Очередь двигалась достаточно медленно, чтобы произнести слово. Бесполезное ничего не меняющее слово, а произнести его все же надо.

Я сказал: Прости.

Мана резко развернулась ко мне. Волна черных волос хлестнула меня по щекам.

– Дарсис хотел ударить меня? – прошипела девушка.

– Нет.

– Значит, ты хотел? – ее покрасневшие глаза впились в меня.

– Конечно, нет, – отмахнулся я и, оглянувшись по сторонам, зашептал:

– Мана, я уже говорил, что не знаю, как это происходит. И почему.

Мана недоверчиво прикусила губу.

– Все из-за того, что я отобрала тот кусок пиццы. Говорила мне мама: голодный омим, мужчина, – сердитый омим. Теперь ты меня ненавидишь.

– Да нет же, – шикнул я. – Я не передавал Дарсису ненависть, только чуток недовольства.

– Чуток? – рыкнула Мана. – Он чуть не разбил нам головы!

– Черт знает, почему его переклинило, и он набросился на тебя. Но Дарсис и правда ненавидит меня.

– Абсурдо, чушь! – теперь очередь Маны отмахиваться.

– После того как я вытянул из него всю ярость, он все еще пытался мне врезать.

– Ты сам сказал, что не знаешь, как это происходит.

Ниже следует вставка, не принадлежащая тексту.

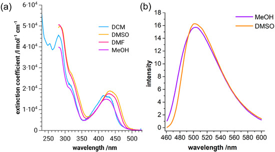 (a) UV-Vis absorption spectra for complex C1; (b) fluorescence emission spectra for complex C1. DCM = dichloromethane; DMSO = dimethylsulfoxide; DMF = dimethylformamide; MeOH = methanol.
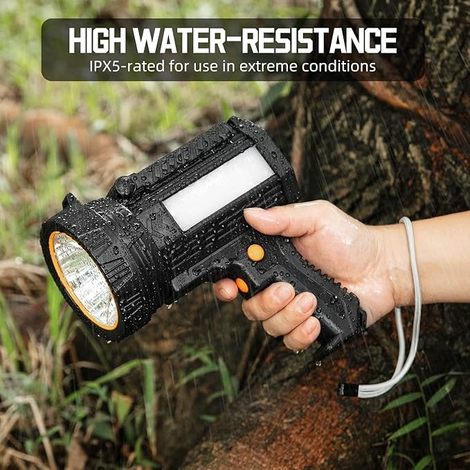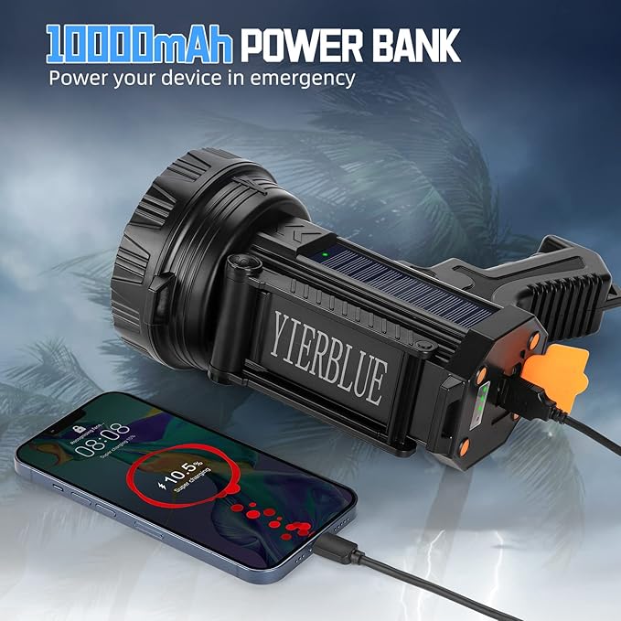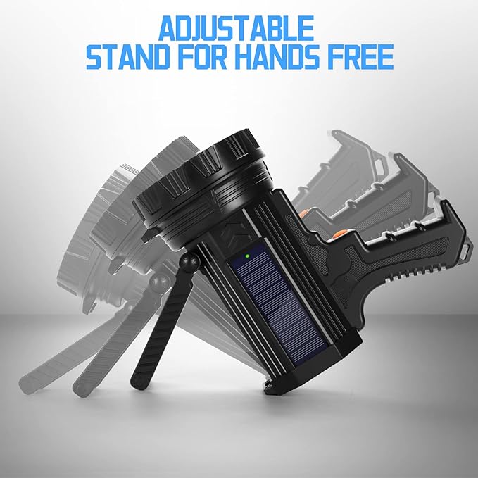 - USB C FAST CHARGING & SOLAR POWER: With advanced USB-C charging technology, recharge in just 4 hours. Compatible with any USB charging port, you can charge this handheld spotlight at home or in your car (charging adapter is not included). The high-efficiency solar panel can always replenish the power of the flashlight in time, so there is no need to worry about long-term power outages or battery power being exhausted.
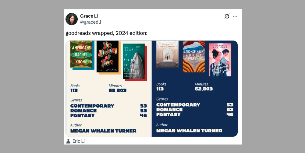 Some products that seem like natural fits for a year-end recap feature are yet to ship one. Kindle and Goodreads are the most obvious candidates to me. Amazon owns both properties and has rich data about reading habits. Yet users have had to resort to creating their own year-end Kindle and Goodreads recaps because the official product does not exist. This seems like a missed opportunity because reading, like music listening, reflects identity and taste.
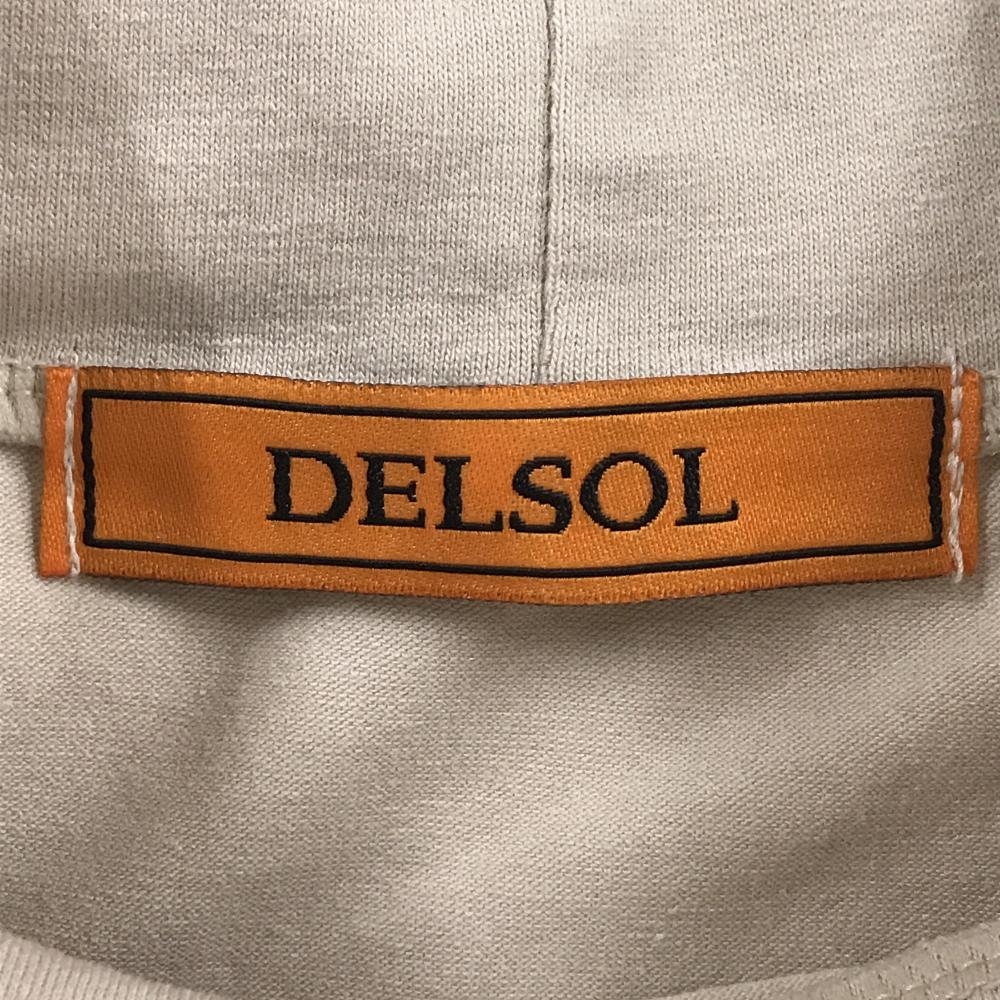 【超美品】デルソル 半袖ハイネックシャツ ベージュ×カーキ 背面英字 メンズ M ゴルフウェア DELSOL
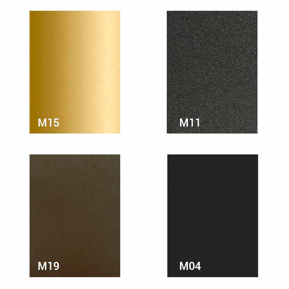 målad metallbas: glänsande guld, präglad grafit, präglad brons eller matt svart .
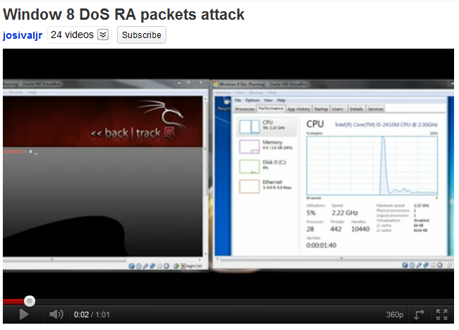 Win 7 DoS by RA Packets -- a slower, controllable version of the attack allows you to see just how many packets are required to stop a Windows machine.
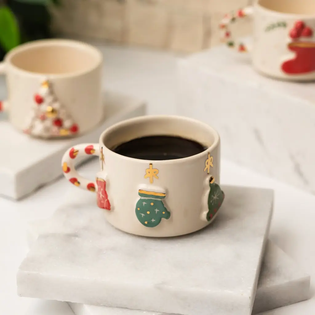Embrace the spirit of the season with the Winter Wonderland Mug, featuring an adorable array of holiday icons in a cozy, hand-painted design. This festive ceramic mug showcases a trio of 3D winter essentials—a red stocking, a blue mitten, and a green hat—each embellished with delicate snowflake patterns and golden accents. The cheerful, polka-dotted handle adds a playful touch, making this mug a delightful way to enjoy your favorite winter drinks. Ideal for bringing a bit of seasonal cheer to your mornings or for gifting to loved ones who adore festive decor.

Очередь дошла до Маны. Девушка просунула смуглую руку, всю в старых ножевых шрамах – следах незабываемого детства в незабываемом земном городе Сальвадоре – в стеклянную трубу машины. Внутри трубы силиконовые держатели обхватили смуглое предплечье. Автоматический безыгольный шприц прыснул в вены девушки тонкую струю «сыворотки». Как в песне:

Струя любви,

Звезда в жасминах,

Мозги – пока.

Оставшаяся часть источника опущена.